俺が笑顔を向けると、彼女も寂しそうに笑った。

こうして、久々に日本を訪れても、かつての親友と話すこともできない。彼女は今、その現実を受け入れようとしてるのかもしれない。

だが・・・彼女がこれ以上辛い思いをすることが正しいとは思えなかった。

だが、ここで彼らを責めるわけにはいかない、でも、何とかしなければ、と俺は考えていた。

その時、後ろから声をかけられた。

「やあ」

彼女の目が大きく見開かれる。俺が振り返ると、そこにいたのは花沢類だった。

「ひさしぶりだね」

類は何事もなかったかのように彼女に話かけている。俺も彼女も戸惑っていた。

「―――花沢・・・くん?」

「元気にしてた?」

「―――うん」

類くんは過去に何もなかったかのように、彼女に接していた。実際、彼は彼女を傷つけたわけじゃない。

親友のために怒っていたのだ。彼はつくしさんを愛していた。

だから、つくしさんを苦しめたことが許せなかったようだ。

つくしさんが幸せを見つけ、実際に幸福な生活を送っていることで彼女を許すことができたのかもしれない。

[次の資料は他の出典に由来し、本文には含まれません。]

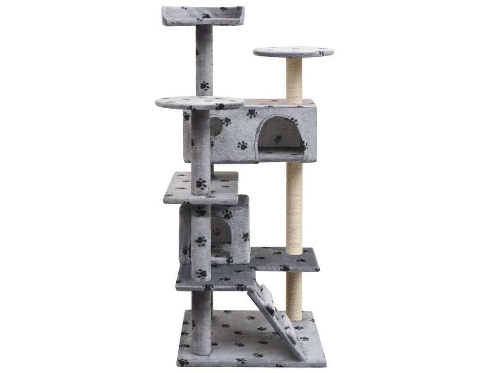 vidaXL Škrabadlo pre mačky so sisalovými stĺpikmi, 125 cm, sivé s potlačou labiek

こうして、かつての親友に話しかけてもらうことは彼女にとって大事なことだった。

俺は黙ってその場を離れた。彼は絶対に傷つけることはしない、そう確信があった。




俺は葬儀が終わったころ、司くんに兄の伝言を伝えた。これから先は彼しだいだ。

俺にはどうすることもできない。斎場に戻ると、滋さんが立っていた。

「煬介さん・・・」

「花沢くんとの話はどうだった?」

俺がそう訪ねると、彼女は嬉しそうに答えた。

「みんな、許してくれたのかな・・・?少しだけど、西門さんや美作さんとも話せた。桜子も・・・とても嬉しかった。」

本当に嬉しそうだった。たぶん、俺が今までに見た彼女の笑顔は最高のものではなかったのだろう。

この笑顔を見れば、それがよくわかる。

「良かったな」

「うん・・・煬介さん・・・ありがとう」

恥ずかしそうに感謝の言葉を述べる彼女が愛しかった。俺は感謝されるようなことは何もしていない。

「―――滋さん、司くんのことはもうふっ切れた?」

「・・・うん、前にも言ったけど・・・最後はもう愛情じゃなかった、ただの執着。

司とは話せなかったけど、もしも話せるなら謝りたいし、普通に話すこともできると思う。」

「そうか・・・」

彼女が司くんの呪縛・・・自分で自分を縛り付けていた鎖から逃れたことが単純に嬉しい。

心の底から湧き上がる喜びに俺は悟った。

俺は―――彼女を愛しているんだ―――

そう、いつのまにか・・・彼女を愛していた。俺はきっと、これからもカナダの彼女の元を訪れるだろう。

そして・・・近い将来、彼女にプロポーズをするに違いない。

本当に気がつかなかった。いつのまにか俺は彼女に囚われていた。